Friday, August 29, 2008 | By: Jenna

Broken Lives are Made New

This line is from a song we sang tonight at the welcome chapel: "In Your Kingdom broken lives are made new...You make us new." It's a familiar song--"Hosanna" by Paul Baloche--but it just became one of my favorites. There are songs you sing to God that describe attributes of Him; there are songs you sing to God that praise Him DIRECTLY. There are songs that narrate our own journey, there are songs that request and pray... and then there are the songs that do all of those things--and in a way that flows naturally from the heart of the worshiper. "Hosanna" was one of those songs tonight that, as a leader of songs sung to God, I found flowing out of my heart, mind, and mouth as a genuine praise and prayer for our Simpson community this year. I came to find I'm not the only one who lifted up the "broken lives are made new" phrase over our campus tonight. A few of us recognize this call for God's Kingdom to intersect and heal the oppressed of this generation--and indeed It does. We recognize that He is stirring up hope and turning eyes to Himself; we know that we are yearning for Him. We know that "Hosanna" means "Save!" and that He most assuredly is our Savior...

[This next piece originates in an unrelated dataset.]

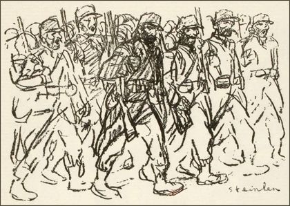 E désir d’exprimer graphiquement cette guerre a troublé et dévoyé beaucoup d’artistes. Pour faire de très belles choses, il aura suffi à Steinlen de regarder profondément en lui-même, de rester profondément logique avec lui-même.
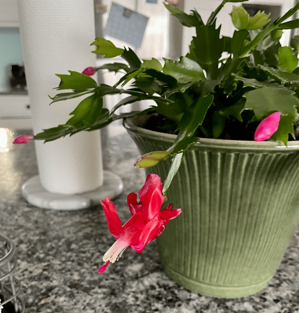 Last weekend my husband and I had a smaller, pandemic approved sized gathering for our annual Swedish Smorgasbord. A good friend of mine brought a Christmas cactus as a hosting gift. I left it on my counter that evening, transplanted it to a permanent pot the next day and assigned it a temporary space until the holiday decorations come down and it will be placed in it’s new home.

We see the story of His heart seeking out ours,
We hear the sound of His praise rising from crowds,
We recognize His saving power and ask His Kingdom to come...
For He IS the God--He is the ONE.

When we see Him, we find strength to face the day--In His presence all our fears are washed away.
Hosanna! Hosanna! He is the God who saves us, worthy of all our praises.
Hosanna! Hosanna!

"Come have Your way among us...
...We welcome You here, Lord Jesus."

May this be the praise on the lips of Simpson this year. May this be the prayer of the incoming class.
Wednesday, August 27, 2008 | By: Jenna

Why does the hall smell like poo?

There are many smells we encounter throughout our day. Take a moment to think about some of your favorites... warm, freshly baked bread, clean laundry tumbling out of the dryer into your ready basket, the shower room after your roommate has obviously used her soy-and-almond-butter body wash in it, or (if you're a guy) something manly like... aftershave... (I obviously wouldn't know). My guess is that whether you added to this list in your head or have decided that, "Yes, soy-and-almond-butter body wash aroma is DEFINITELY on my top ten," a hall that smells like poo is probably NOT considered a "fav." of yours. Well, then don't come over to third floor Morgan right now. I have no idea what happened (though I am imagine "it" would have happened in a nearby resident's bathroom), but when I stepped out into our hall this afternoon the first thing that popped into my head was, "Why does the hall smell like poo?" In a very detective-like but non-anticipatory way, I scanned the floor and ceiling for some sort of sewage evidence. Maybe I thought I'd see a pipe sticking out of the baseboard--leaking, dripping, a small acidic pool forming and eating a hole through the carpet...
But there is no pipe sticking out of our wall. My imagination can sometimes get a little crazy...
So I wonder if the world has turned upside down and, suddenly, it is the girls' residence halls that will be known for their smelly-ness! Surely, this cannot be! I mean, we have our days, but "flowers and fruity body spray" MUST remain the staple scent of female living quarters! Boys' dorms smell like poo! Not Third-Floor Morgan-Sharpe.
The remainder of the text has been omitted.